Board of Directors:The association is managed by a board of 6 members, elected for 3 years by the Ordinary General Meeting among members of the National Societies, with 2 members for each National Society. These members can be re-elected. The Board of Directors chooses among its members, by secret ballot, an executive board including 4 members:a) A president, b) Two vice-presidents, c) A secretary The Executive Board can also require the help of 2 association members as treasurer and assistant secretary, elected for 3 years by the Ordinary General Meeting. These members can take part in board meetings but are not entitled to vote. In case of vacancy, the Board of Directors temporarily provides for member replacement. The final replacement is made at the next Ordinary General Meeting. The power of temporary members thus ends at the time when the replaced member’s mandate was to end.The Board is renewed in full every 3 years.

ARTICLE 10

Board meetings:The Board of Directors meets at least once a year, and every time it is summoned by its president or on request by a quarter of its members. At least one third of the Board of Directors must be present to validate decisions.Decisions are taken by a majority of votes; in case of split decision, the president has a casting vote. Any member of the board having missed 3 consecutive meetings without an excuse will be considered as having resigned.

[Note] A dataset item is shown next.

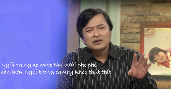NSND Quốc Anh chia sẻ, anh thích nhất câu này: "Một người phụ nữ ngồi sau xe wave tàu cười phe phé hơn là người phụ nữ ngồi trong camry mà lại thút thít khóc".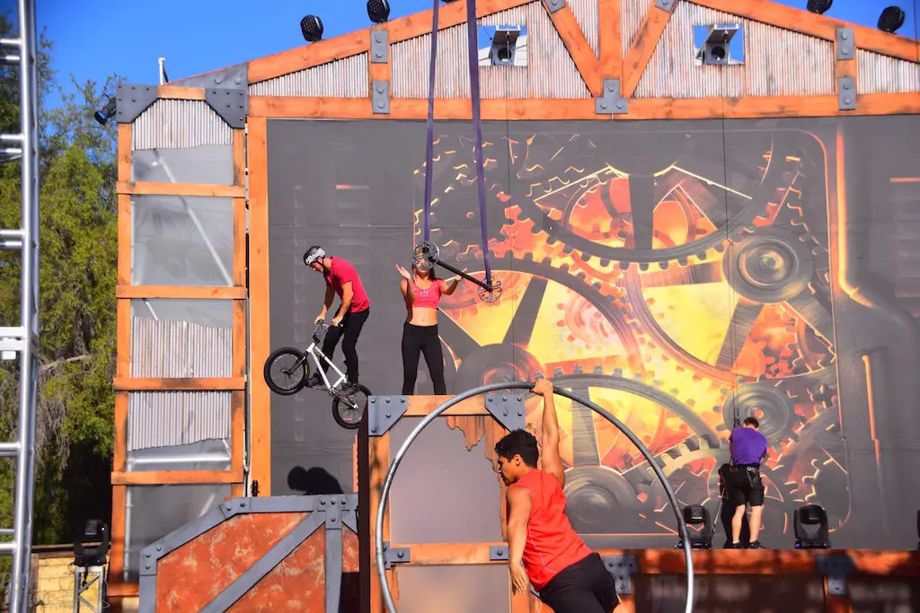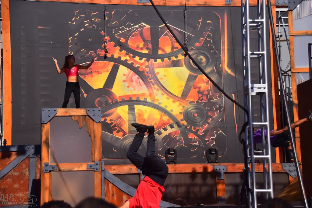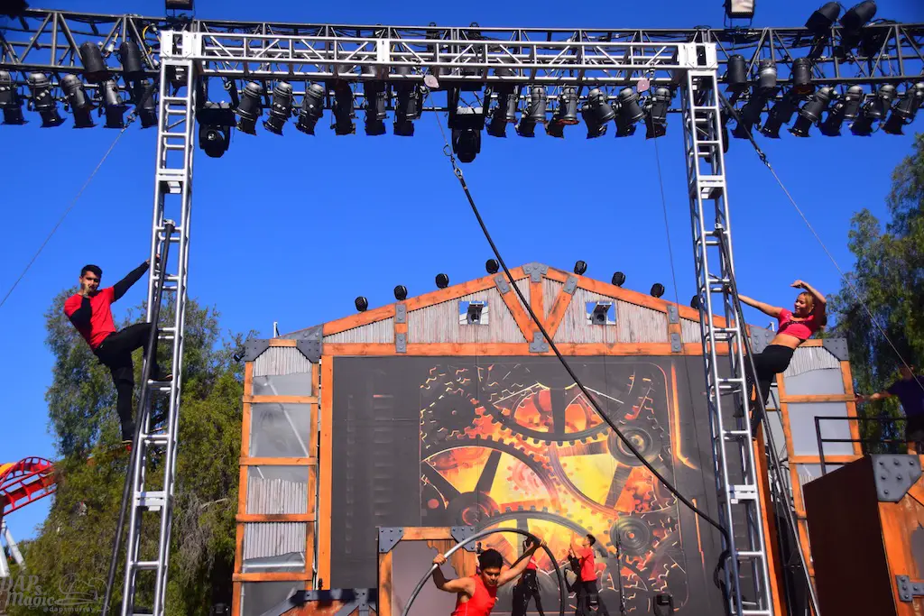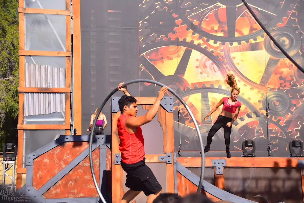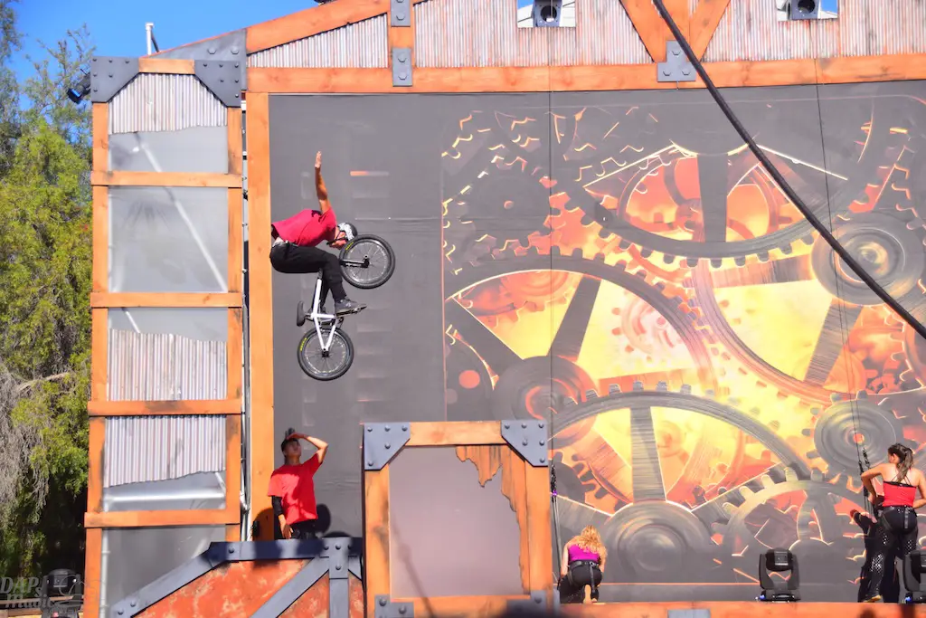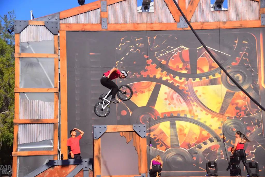 Over in Ghost Town, even more thrills abounded in Vertical Impact. Acrobats and BMX stunt riders entertained in one of the most unique shows I’ve ever seen. Trampolines lined some of the main stage and enabled performers to reach great heights and amazing flips. BMX riders had ramps to perform high in the air jumps and flips. Hoops, trapezes, and ropes enabled the acrobats to show off high in the sky skills that took some breath away. The performance was full of excitement and amazing moves that aren’t done just anywhere else.

Legal age is mandatory to be a member of the Board.

ARTICLE 11

Ordinary General Meeting: The Ordinary General Meeting includes all members of the association whatever their status. The General Assembly meets once a year.Fifteen days before the set date, the secretary summons all members of the association. The agenda of the meeting is indicated on the summons.The President, assisted by board members, chairs the assembly and sets out the moral situation of the association.The Treasurer reports on his or her management of the finances of the association and submits the accounting documents to the approval of the OGM participants.Once all the points on the agenda have been reviewed, the outgoing members are replaced by a secret ballot vote. Only questions listed in the Ordinary General Meeting agenda can be addressed. The Ordinary General Meeting deliberations must be validated by a simple majority vote. Members absent for the Ordinary General Meeting may give mandate to another member of the association to vote for them; only one mandate is allowed per member.

ARTICLE 12

Extraordinary General Meeting:As the need may arise, or on request of half of the registered members plus one, the president may summon an Extraordinary General Meeting, pursuant to directions provided for in article 10.

RTICLE 13

Internal regulations:Internal regulations may be prepared by the Board of Directors and adopted by the Ordinary General Meeting.These internal regulations are used to settle various points not mentioned in the statutes, especially those concerning the inner administration of the association.

ARTICLE 14

Dissolution:In case of dissolution required by at least two thirds of the members present at the Ordinary General Meeting, one or several liquidators are appointed by the said OGM and as the need may arise, the assets are devolved in line with the Law of July 1, 1901 article 9 and the Decree of August 10, 1901.